Во время своих появлений Адик водил Бисмарка по желтеющей траве к внутренней стороне кирпичной стены монастыря, сразу за которой лежала Софийская площадь, самая древняя площадь Киева, гудящая днем и удивительно тихая ночью.

– По моим расчетам, копать надо вот тут, десять метров от стены, – снова повторял Адик, геометрически жестикулируя над землей. – Сначала режешь лопаткой траву на квадраты, чтобы можно было потом положить ее на место, а дальше уже как обычно. Ты же знаешь!

Олег слушал, кивал и вздыхал. Именно в этой последовательности. Можно было подумать, что затея, придуманная одесситом, ему не нравится. Но тот так не думал и на вздохи собеседника внимания не обращал.

И вот накануне Адик позвонил Олегу.

– Ты же этой ночью дежуришь? – спросил.

– Да.

– Отлично! Значит, этой ночью будешь копать! В два! Я на всякий случай буду недалеко. Если что, позвонишь!

– А что искать?

– Золото и бриллианты! – шутливо ответил Адик. – Ну и любое старое железо!

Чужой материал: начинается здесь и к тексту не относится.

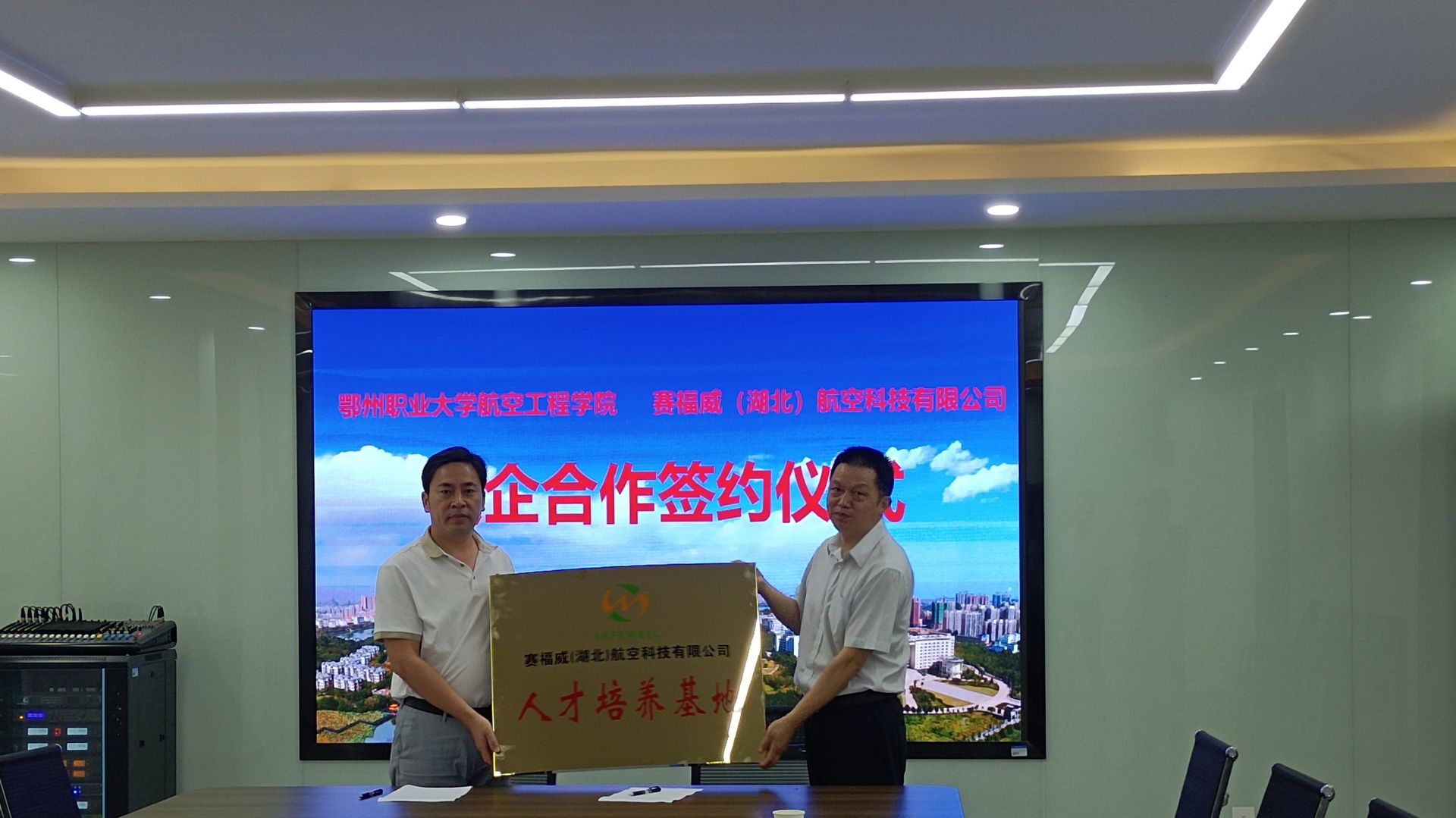 (通讯员万前锋)5月23日上午,赛福威(湖北)航空科技有限公司项目负责人姜宏勇等一行五人到航空工程学院考察交流,洽谈合作事宜,举行人才培养基地授牌仪式。学院与赛福威公司就学生实习实训、就业、人才培养等进行深入交流,院长郑敏代表学院与对方签订校企合作协议。
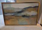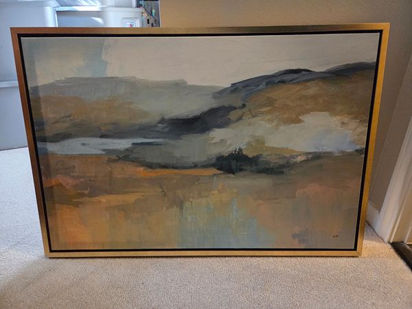 26 in. x 38 in. Purchased from Gallery Furniture for $450 Uttermost Brand The Folded Hills Framed Canvas Displays An Abstract Landscape In Cool Sky Blue And Honey Yellow. A Solid Wood Gallery Frame With Gold Finish Completes The Artwork. Each Canvas Is Proudly Handcrafted And Printed In The USA. Artwork By Julia Purinton.
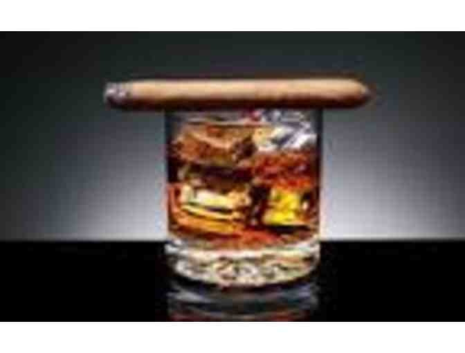 Eight Cigars by Fuente, Huffman and San Cristobal Also a travel humidor by Thompson Cigars and a bottle of Four Roses single barrel bourbon.
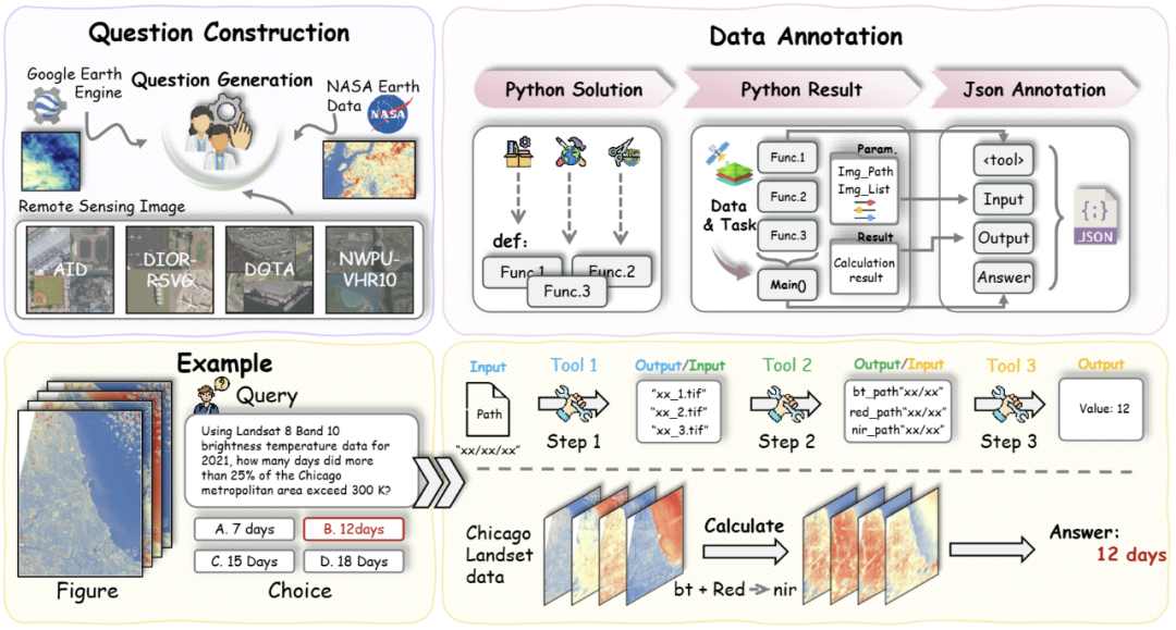 举一个例子:「利用 2022 年纽约市 Landsat 8 热成像和反射率数据,采用单通道方法基于 NDVI 和热波段 10 估算 LST,然后计算夏季和秋季的平均 LST,并确定平均差以评估这两个时期之间的季节性温度差值。A. 8.65K B. 10.89K C.12.42K D.14.75K。」可以看到,Earth-Bench 的题目不再局限于对于原始地球观测数据进行简单的一步即可完成的描述、分类、计数任务,而是强调利用地球科学的知识进行严格的指标计算和时空分析。

Но только очень старое!

Олег Бисмарк и сам несколько раз подходил к указанному Адиком месту и, казалось, видел этот более или менее точно очерченный одесситом прямоугольник травы, вроде бы прятавший под собой древнее погребение.

– Неужели кто-то из княжеской семьи? – Бисмарку в эту догадку и верилось, и не верилось. И когда не верилось, то чувствовал он себя поспокойнее. Ведь если речь шла действительно о княжеском захоронении, то почему его до сих пор не нашли, если оно тут, прямо под ногами, под древней стеной, в каких-то двадцати метрах от входных врат? – Нет, – мысли продолжали вести Бисмарка по тропе сомнений. – Княжескую семью хоронили бы в соборе, там, где саркофаг Ярослава Мудрого! Тут, под стеной, закопали бы кого-то менее важного! Но кого?

Без пяти два ночи, последний раз прислушавшись к тишине, Бисмарк с саперной лопаткой в руках опустился на корточки в десяти метрах от стены. Наточенным клинком он нарезал траву с дерном на крупные квадраты, поддел снизу и снял, как скальп, сложив в две неуклюжие стопки. Теперь перед ним в относительном полумраке, оживленном неярким светом фонарей, явным коричневым прямоугольником лежала оголенная земля.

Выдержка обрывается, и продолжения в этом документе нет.